Let $f : X \to Y$ be a map of marked simplicial sets.
Then $f$ is a weak equivalence if and only if the induced functor on localizations of simplicial categories (where marked arrows are localized) is an equivalence.

Indeed, $f$ is a weak equivalence if and only if $R(f)$ is a weak equivalence, where $R$ is a fibrant replacement functor in the model category on marked simplicial sets. Since the forgetful functor from marked simplicial sets to simplicial sets with the Joyal model structure is the right part of a Quillen equivalence, $R(f)$ is a weak equivalence if and only if $R(f)$ induces a weak equivalence $U(R(f))$ of underlying quasicategories.
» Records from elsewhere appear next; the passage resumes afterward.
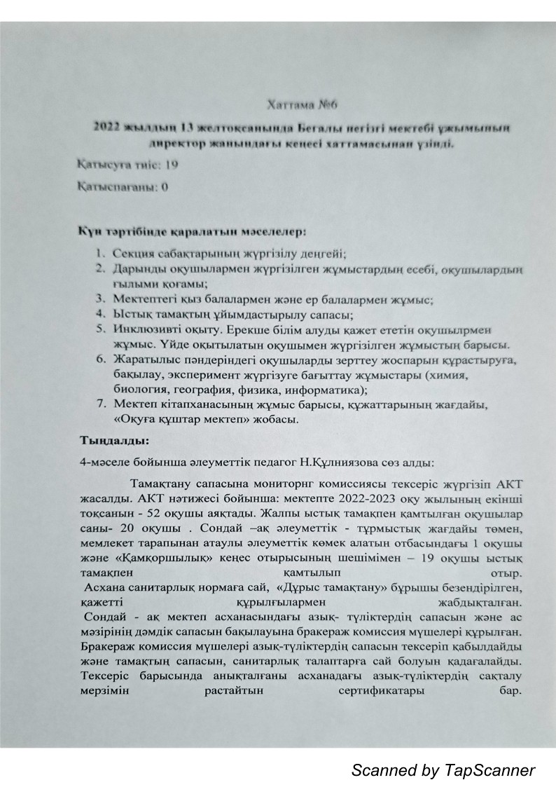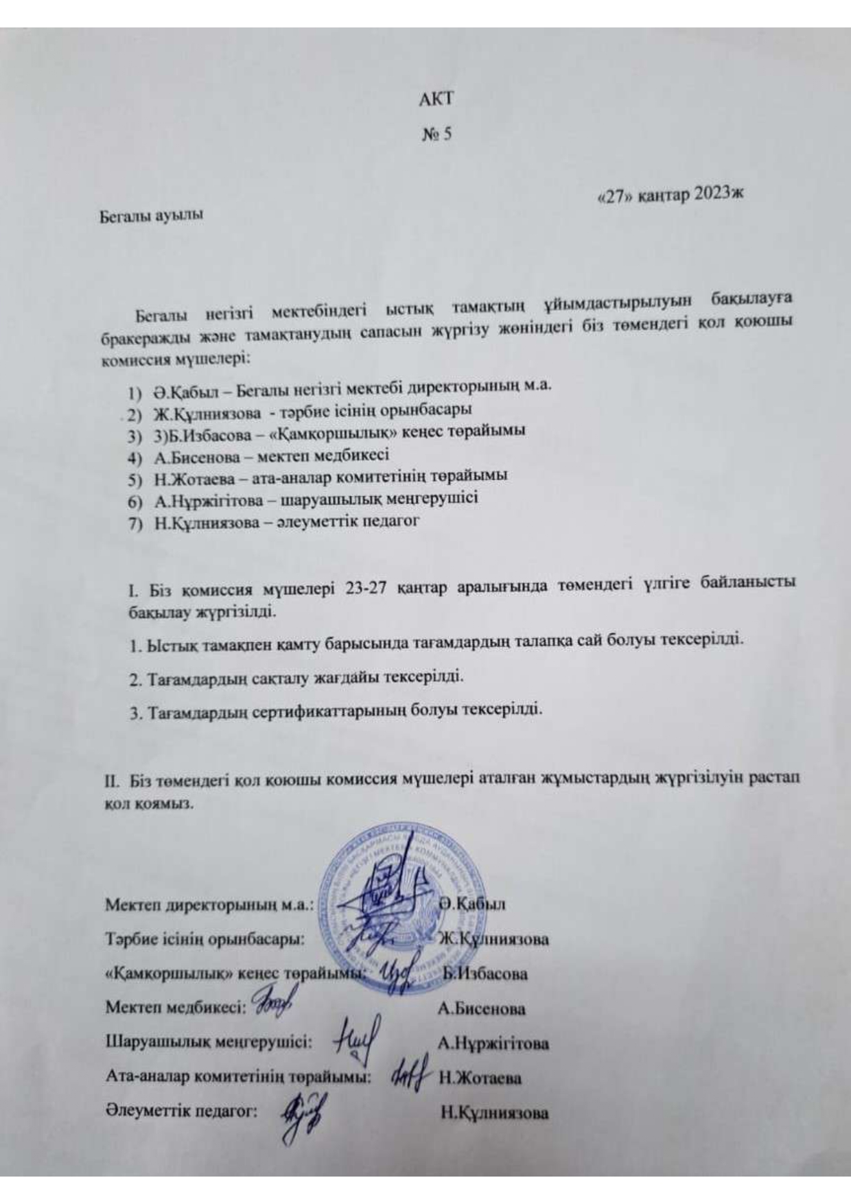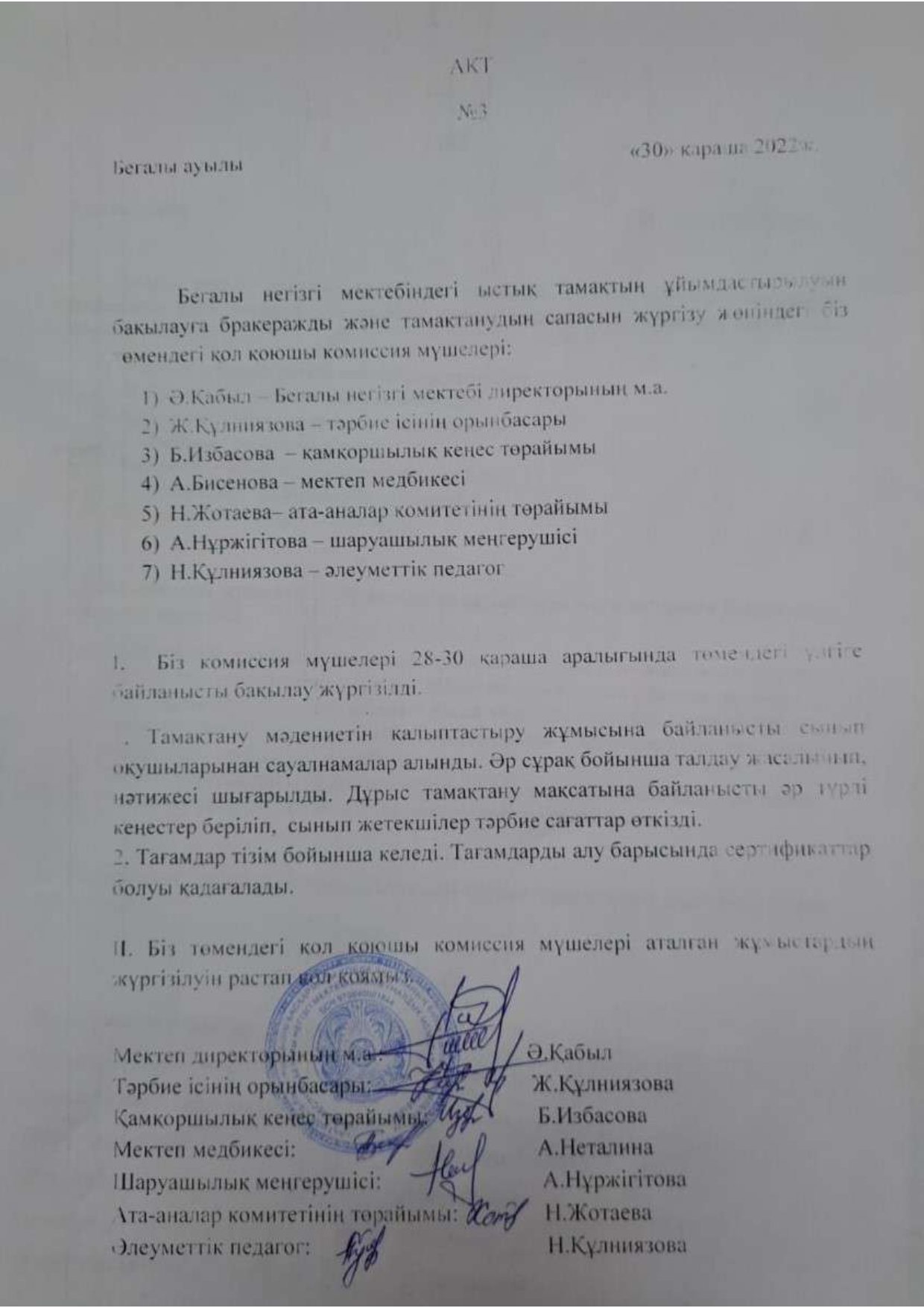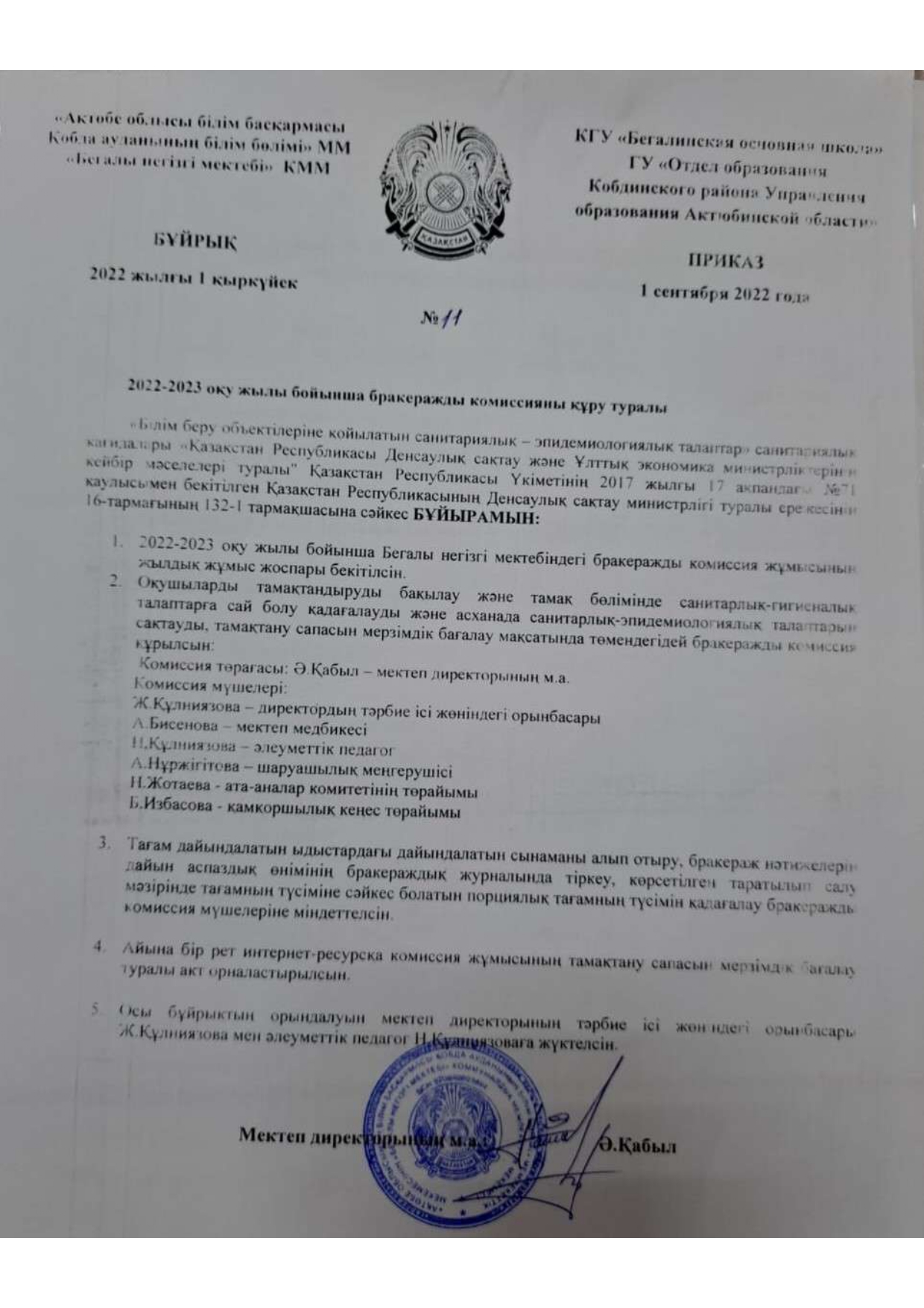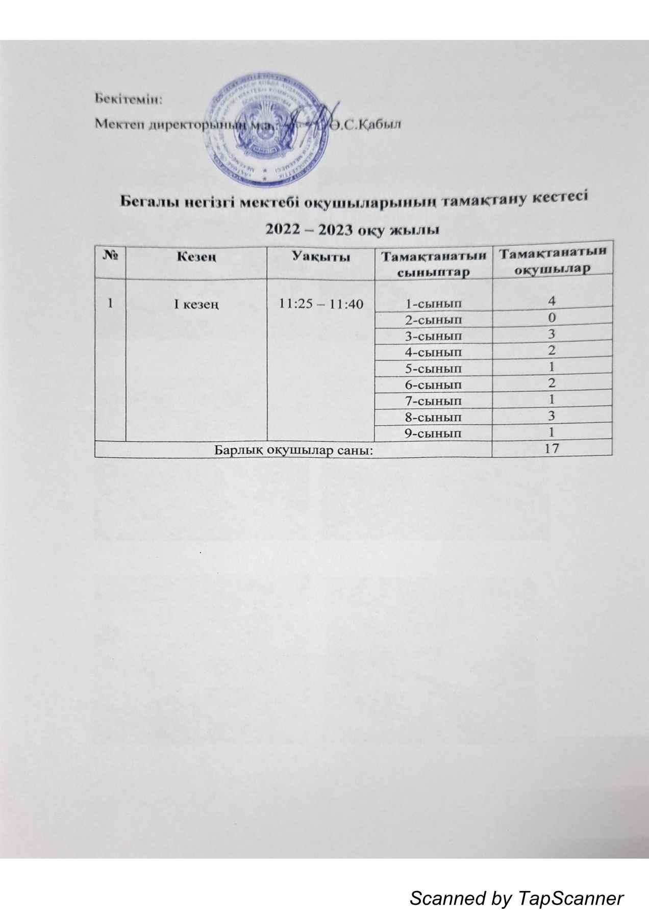 Ыстық тамақтандыруды ұйымдастыру 2022-2023ж
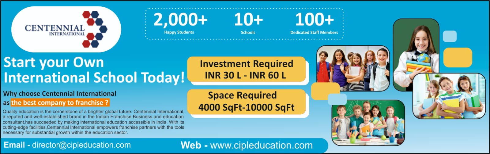 At Centennial International Private Limited (CIPL), we are creating business opportunities that empower school communities with extraordinary educational opportunities. Our Franchise business extends beyond merely establishing a school; it involves establishing a vast network of forward-thinking and innovative schools aimed at catalyzing holistic development and lifelong learning. We intend to nurture knowledgeable and compassionate future leaders who can achieve personal success while driving positive changes. We aim to develop responsible citizens who lead our nation forward by contributing significantly to its advancement and prosperity.
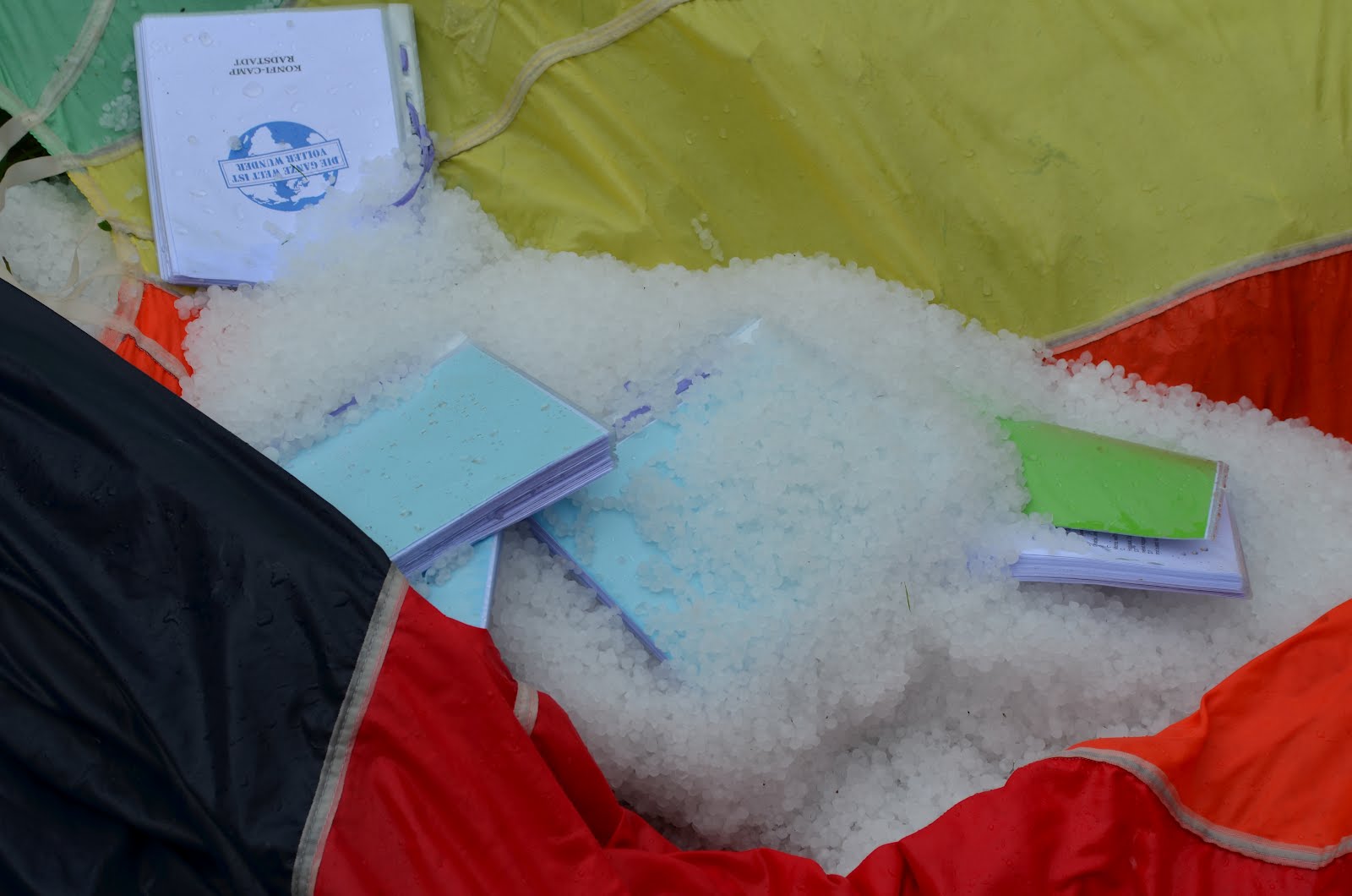 Wir wurden dann leider von Hagelkörnern überrascht, die uns ganz schöne Angst einjagten, aber nach ein paar Minuten unter einer Plane, riss der Himmel doch noch auf und die Sonne kam raus, pünktlich zur Taufe, als ein Zeichen für unsere Täuflinge.

Since $\mathfrak{C}$ is the left part of a Quillen equivalence, this map is a weak equivalence if and only if $\mathfrak{C}(U(R(F)))$ is a weak equivalence of simplicial categories. Thus, we just need to show that $\mathfrak{C}(U(R(X)))$ is the localization of $\mathfrak{C}(U(X))$ at the set of marked maps.

The underlying quasicategory of $R(X)$ can be defined as the localization of $X$ as described in section 1.1.3 of Dwyer-Kan localization revisited, Vladimir Hinich. The claim follows from the fact that functor $\mathfrak{C}$ maps the localization of a simplial set to DK localozation of the corresponding simplicial category, which is proved in the same paper right before Proposition 1.2.1.